There are good and bad ways to do B2B customer development interviews and, unfortunately, to the untrained eye, they look very similar. Here are 16 key interview pointers to help you conduct valid interviews and improve your customer interview techniques:
Key Tips for B2B Customer Interviews
- Learn to stay quiet: The best interviews are 90% listening and 10% talking. Don’t feel like you have to talk, or fill silences. If you really need to, ask a clarifying question: “Sorry, did I phrase the question in a weird way?” This will preserve the dynamics, and give the interviewee more time to think.
- Have a plan: Follow a similar structure across interviews. It’s okay to adjust the phrasing or to add customer development questions, but you ultimately need to be able to compare data points.
- Separate target groups: Focus on one sector or market vertical at a time to get a consistent data point. For example, if your niche is dentists, ask the same questions to every dentist you meet.
- Meet one prospect at a time: Meet prospects one on one. Group interviews tend to lead to groupthink. Make sure that you’re learning about a specific stakeholder’s situation, not their employer’s, or the average of a group.
- Meet face-to-face: The best interviews are face-to-face. While interviews via video conferencing software, or over the phone can be effective, and will generally be faster, they’ll cause you to miss a lot of useful visual cues.
- Choose your location: If you’re uncomfortable meeting with a high-ranked prospect (it happens), get him/her out of his office for lunch or coffee to even the odds. A neutral location will make you feel more comfortable, but it will prevent you from collecting some information (see below).
- Ask open questions: Ask questions starting with “What”, “Why”, or “How”. Use closed questions—questions that lead to yes/no answers—selectively. For an overview, see the cheatsheet below.

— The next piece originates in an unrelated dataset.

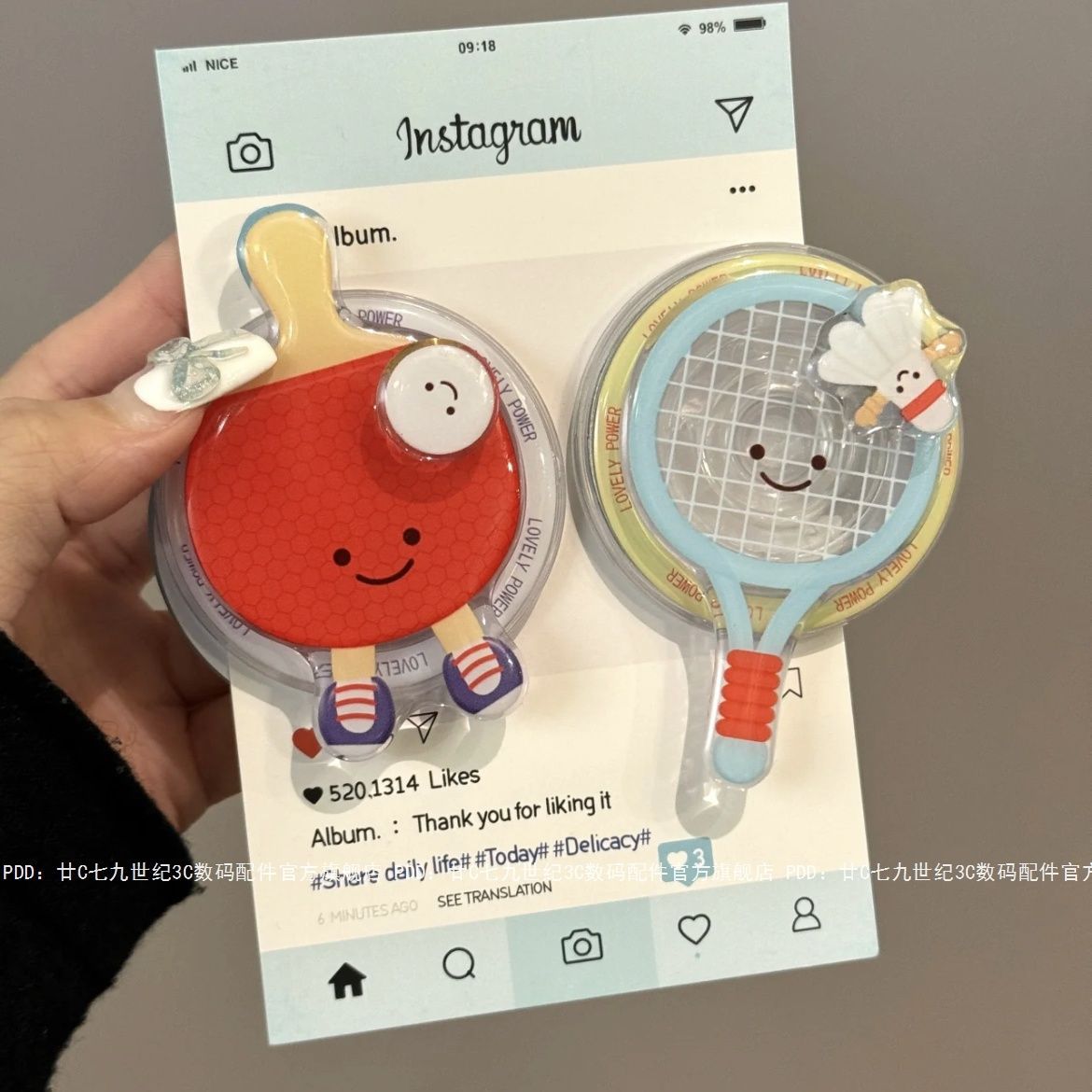 Ins soporte de dibujos animados de succión magnética tenis de mesa lindo soporte de teléfono móvil de bádminton adecuado para perseguir drama hombres y mujeres soporte perezoso

- Follow emotion: Whenever you hear emotion in the person’s voice, prolong that line of conversation.
- Record and take notes: You miss 50% of what’s being said during the interview if you’re taking notes. Record, take notes, and re-listen to the interviews to gain new insights.
- Don’t judge: Your goal is to get as much information as possible in a limited time. It’s better to have more data than less. Don’t disqualify the prospect during the meeting.
- Encourage complaints: Whenever the person starts to complain, listen. People are more specific with complaints than praise. Specific examples will really help you learn about the problem.
- Focus on actual behaviors: People are not very good at predicting their own actions, knowing what they want, or knowing their true goals. Avoid what ifs. Ask about real/recent experiences.
- Bring a partner (sometimes): A two-person team can have one person leading the interview while the other takes notes. It might make your team appear more credible and will definitely accelerate share back with the team. Any more than two interviewers typically intimidates participants.
- Parrot the answers: Repeat the answers back to your prospect for further clarifications and to validate your understanding. Do this by saying, “So what you’re saying is…”
- Reference “other people”: Cindy Alvarez recommends challenging your pre-existing hypotheses by referencing “other people.” For example, “I’ve heard from other people that ______. Do you agree?” It’s easier for people to disagree with an anonymous third party than to disagree with you.
- Smile: Be friendly and welcoming to make participants feel comfortable and get them to smile back.
Mastering Face-to-Face Customer Development Interviews
Mastering customer interview techniques – especially face-to-face – takes time and practice.
The body language, attitude, and office space of your early adopters can give you great cues to improve your interviewing techniques. Here’s what to look for:
- Body language: Strong reactions, posture, body positioning, language, tone variations, and eye movements can tell you a lot. Prospects lie… There are things they feel stronger about and lies can tell you a big part of the story. Do they seem nervous? Tentative? Bored? If so, try to restore your rapport and reassure them of the usefulness of their comments. Don’t hesitate to ask what made them roll their eyes, sigh, laugh, frown, smirk, etc.
- Office content: Office walls and sticky notes are gold. They tell you about the things that truly matter to your prospects. For example, when Jason Cohen was interviewing IT professionals, he noticed that certain magazines were on the desk of almost every prospect he interviewed. When his product was ready, he advertised in that magazine and had great success.
- Indicators of interest: Prospects that are leaning forward, asking a lot of questions, and that really get involved in the discussion give signs of interest. Prospects that are easily distracted, look through their emails or messages, slouch, and talk without answering the questions are typically disinterested.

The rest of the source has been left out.